How do I refer to a sheet through CodeName, similar in microsoft office

mrkalvin · November 11, 2021, 1:43am

In the Microsoft office the sheet can be referenced by index, by name or by codename.

And in libreoffice would it be possible to reference a sheet by its codename?

CodeName = ‘Sheet1’, something like a:

doc.Sheets.getByCodeName(‘Sheet1’)
or
doc.Sheet1

karolus · November 11, 2021, 2:27am

you use ‘single-quotes’ so we are in python!

doc = XSCRIPTCONTEXT.getDocument()
sheets = doc.Sheets
maybe_code_name = 'Tabelle1'
if maybe_code_name in sheets.ElementNames:
    sheet = sheets[maybe_code_name]
    if sheet.CodeName == maybe_code_name:
        print(f"found Sheet: '{maybe_code_name}'")
else:
    for sheet in sheets:
        if sheet.CodeName == maybe_code_name:
            print(f"""sheet: "{sheet.Name}" has CodeName: '{maybe_code_name}' """)

mrkalvin · November 11, 2021, 3:01am

Unfortunately LibreOffice doesn’t have a native solution for this.
But simplifying the @karolus solution, that’s what I need. Thanks

def main():
    doc = XSCRIPTCONTEXT.getDocument()
    sheets = doc.Sheets

    first_code_name = 'Sheet1'
    second_code_name = 'Sheet2'
    for sheet in sheets:
        if sheet.CodeName == first_code_name:
            my_first_sheet = sheet

        if sheet.CodeName == second_code_name:
            my_second_sheet = sheet


    my_first_sheet['A1'].String = 'Test CodeName'
    my_second_sheet['B5'].Value = 100

    return

But I just realized that if I change the Libreoffice interface language, it will break the code. Because the CodeName changes according to the language

karolus · November 11, 2021, 5:22am

Not only that, any user can change this “default” at any time via: →→Tools→→Options→→LO-Calc→Defaults

karolus · November 11, 2021, 10:06am

After some sophisticated things I come back to simple “dictionary on the fly”


def test():            
    doc = XSCRIPTCONTEXT.getDocument()
    sheets = doc.Sheets
    get_by_code = dict((sheet.CodeName, sheet) for sheet in sheets)
    sheet = get_by_code['Tabelle1']
    print(sheet.Name)
    print(sheets.getByName(sheet.Name).AbsoluteName)    
test()

2021-11-11_637x278_scrot

sokol92 · November 13, 2021, 7:33pm

CodeName is an Invisible ~~Man~~ property: it is not described in the documentation and even the omnipotent MRI does not see its value.

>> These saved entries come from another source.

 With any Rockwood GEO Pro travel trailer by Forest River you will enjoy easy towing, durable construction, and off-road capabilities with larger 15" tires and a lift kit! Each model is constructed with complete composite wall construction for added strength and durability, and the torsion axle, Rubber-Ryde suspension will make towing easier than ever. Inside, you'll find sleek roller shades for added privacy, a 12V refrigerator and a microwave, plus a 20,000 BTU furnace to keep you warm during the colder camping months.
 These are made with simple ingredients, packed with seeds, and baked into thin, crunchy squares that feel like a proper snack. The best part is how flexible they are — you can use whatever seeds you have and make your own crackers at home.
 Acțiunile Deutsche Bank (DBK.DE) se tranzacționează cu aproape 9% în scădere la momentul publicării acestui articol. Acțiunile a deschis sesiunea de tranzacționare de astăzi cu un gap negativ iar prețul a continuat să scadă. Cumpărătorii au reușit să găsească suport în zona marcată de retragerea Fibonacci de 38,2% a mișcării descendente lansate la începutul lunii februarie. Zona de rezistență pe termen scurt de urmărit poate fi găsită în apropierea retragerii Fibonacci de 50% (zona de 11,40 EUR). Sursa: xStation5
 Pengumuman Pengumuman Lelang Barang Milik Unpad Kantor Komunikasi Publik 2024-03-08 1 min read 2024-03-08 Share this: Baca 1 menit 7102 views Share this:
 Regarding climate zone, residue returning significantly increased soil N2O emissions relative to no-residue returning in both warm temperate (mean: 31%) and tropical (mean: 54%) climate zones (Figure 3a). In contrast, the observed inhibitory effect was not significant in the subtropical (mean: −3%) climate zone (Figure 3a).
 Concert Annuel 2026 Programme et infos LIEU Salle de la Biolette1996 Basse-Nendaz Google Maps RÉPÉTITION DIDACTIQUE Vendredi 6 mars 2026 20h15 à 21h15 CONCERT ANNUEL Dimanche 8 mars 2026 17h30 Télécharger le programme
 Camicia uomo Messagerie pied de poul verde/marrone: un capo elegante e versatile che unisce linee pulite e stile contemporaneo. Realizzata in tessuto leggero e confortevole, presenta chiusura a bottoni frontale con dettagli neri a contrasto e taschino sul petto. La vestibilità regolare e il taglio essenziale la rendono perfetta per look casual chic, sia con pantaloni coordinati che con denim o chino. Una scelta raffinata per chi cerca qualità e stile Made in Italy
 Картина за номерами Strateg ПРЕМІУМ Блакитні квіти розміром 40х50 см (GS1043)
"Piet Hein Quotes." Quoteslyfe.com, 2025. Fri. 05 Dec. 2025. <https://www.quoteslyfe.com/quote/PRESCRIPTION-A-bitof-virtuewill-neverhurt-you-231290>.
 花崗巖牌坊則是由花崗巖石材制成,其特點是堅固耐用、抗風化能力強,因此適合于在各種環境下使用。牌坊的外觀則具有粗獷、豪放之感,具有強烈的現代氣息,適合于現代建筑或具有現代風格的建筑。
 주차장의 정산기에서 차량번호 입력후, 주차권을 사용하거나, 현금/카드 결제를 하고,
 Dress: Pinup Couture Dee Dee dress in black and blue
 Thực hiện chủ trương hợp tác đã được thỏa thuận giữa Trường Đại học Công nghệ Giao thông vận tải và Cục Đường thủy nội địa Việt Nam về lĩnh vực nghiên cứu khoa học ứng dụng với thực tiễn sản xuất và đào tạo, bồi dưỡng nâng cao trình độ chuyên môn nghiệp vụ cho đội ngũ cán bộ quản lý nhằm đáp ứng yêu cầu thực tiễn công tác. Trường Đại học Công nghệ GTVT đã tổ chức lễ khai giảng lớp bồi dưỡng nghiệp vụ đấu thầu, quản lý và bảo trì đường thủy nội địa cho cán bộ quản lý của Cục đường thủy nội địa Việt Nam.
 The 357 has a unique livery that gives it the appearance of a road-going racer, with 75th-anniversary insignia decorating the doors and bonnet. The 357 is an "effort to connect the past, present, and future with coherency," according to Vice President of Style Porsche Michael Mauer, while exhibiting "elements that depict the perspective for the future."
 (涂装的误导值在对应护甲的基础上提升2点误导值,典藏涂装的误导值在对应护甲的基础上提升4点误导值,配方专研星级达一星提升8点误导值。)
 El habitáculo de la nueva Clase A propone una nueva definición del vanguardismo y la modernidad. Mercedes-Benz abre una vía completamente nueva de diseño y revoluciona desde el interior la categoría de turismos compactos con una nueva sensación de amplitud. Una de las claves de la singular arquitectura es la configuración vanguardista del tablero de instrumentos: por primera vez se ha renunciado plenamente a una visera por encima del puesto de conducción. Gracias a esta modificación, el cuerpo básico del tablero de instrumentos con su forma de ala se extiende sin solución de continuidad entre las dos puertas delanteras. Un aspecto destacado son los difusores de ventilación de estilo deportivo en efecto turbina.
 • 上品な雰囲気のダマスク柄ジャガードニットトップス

However, this property can be changed to be independent of Options:

ThisComponent.Sheets(0).CodeName="MyCodeName"

This approach can make sense if the user is allowed to rename the sheets and change their order.

karolus · November 13, 2021, 8:10pm

False, I did not grep through the Docs but MRI know about:

eeigor · November 13, 2021, 9:18pm

Sub SetSheetCodeNamesAsYouLike()
'''	Run this procedure.

	Dim oSheet As Object
	Dim s$

	For Each oSheet In ThisComponent.Sheets
		s = InputBox("Enter a codename for the sheet """& oSheet.Name & """:" _
		 , "Changing sheet codenames", oSheet.CodeName)
		If Len(s) > 0 Then
			If oSheet.CodeName <> s Then oSheet.CodeName = s
		Else: Exit For
		End If
	Next
End Sub

Xray sees everything the same way.

sokol92 · November 17, 2021, 3:24pm

Half-truth.

The documentation. Search: Codename
About MRI. Yes, MRI sees this sheet property (I confused it with the document property of the same name). I apologize for this mistake.

elmau · November 11, 2021, 2:28am

doc = ThisComponent
sheet = doc.CurrentController.ActiveSheet
MsgBox sheet.CodeName

mrkalvin · November 11, 2021, 3:02am

Unfortunately this code only displays the CodeName of the active sheet. Does not reference the sheet by CodeName.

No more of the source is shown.